■ Work to be completed:
Repeat all the records exactly, omitting pictures.

BEGIN Supplied records

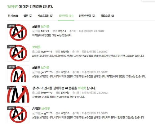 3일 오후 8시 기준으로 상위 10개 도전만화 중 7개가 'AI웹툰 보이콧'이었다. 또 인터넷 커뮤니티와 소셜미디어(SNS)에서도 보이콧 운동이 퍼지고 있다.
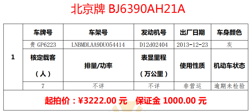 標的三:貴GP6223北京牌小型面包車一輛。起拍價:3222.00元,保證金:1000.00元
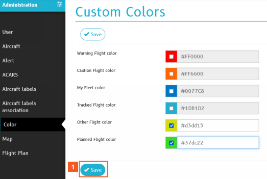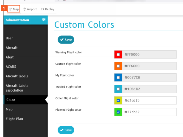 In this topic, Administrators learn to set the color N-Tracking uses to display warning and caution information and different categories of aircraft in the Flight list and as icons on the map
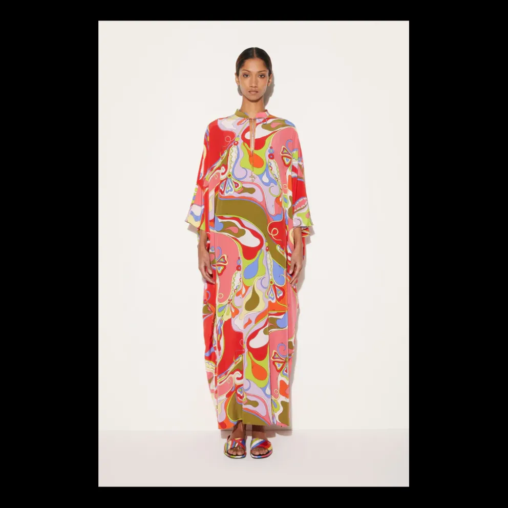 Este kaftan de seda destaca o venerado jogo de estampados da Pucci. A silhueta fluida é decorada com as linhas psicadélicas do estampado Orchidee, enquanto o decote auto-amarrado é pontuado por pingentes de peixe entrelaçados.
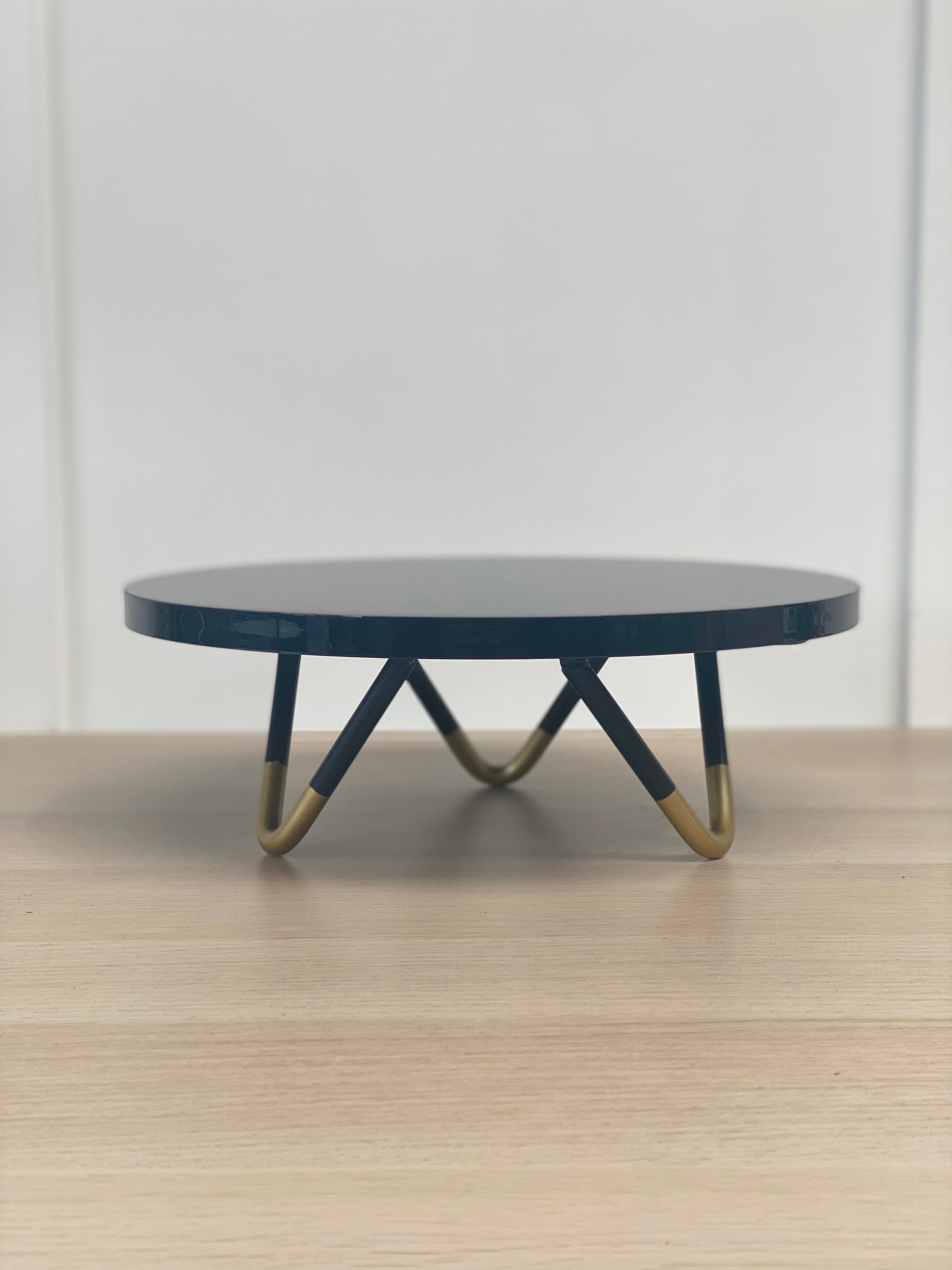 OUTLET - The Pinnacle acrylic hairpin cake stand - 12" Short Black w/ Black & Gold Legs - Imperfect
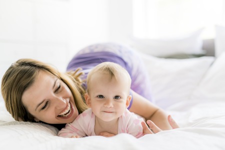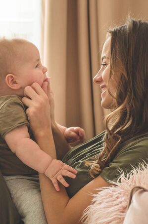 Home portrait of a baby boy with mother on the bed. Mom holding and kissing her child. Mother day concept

END Supplied records

■ Result below:
 3일 오후 8시 기준으로 상위 10개 도전만화 중 7개가 'AI웹툰 보이콧'이었다. 또 인터넷 커뮤니티와 소셜미디어(SNS)에서도 보이콧 운동이 퍼지고 있다.
 標的三:貴GP6223北京牌小型面包車一輛。起拍價:3222.00元,保證金:1000.00元
 In this topic, Administrators learn to set the color N-Tracking uses to display warning and caution information and different categories of aircraft in the Flight list and as icons on the map
 Este kaftan de seda destaca o venerado jogo de estampados da Pucci. A silhueta fluida é decorada com as linhas psicadélicas do estampado Orchidee, enquanto o decote auto-amarrado é pontuado por pingentes de peixe entrelaçados.
 OUTLET - The Pinnacle acrylic hairpin cake stand - 12" Short Black w/ Black & Gold Legs - Imperfect
 Home portrait of a baby boy with mother on the bed. Mom holding and kissing her child. Mother day concept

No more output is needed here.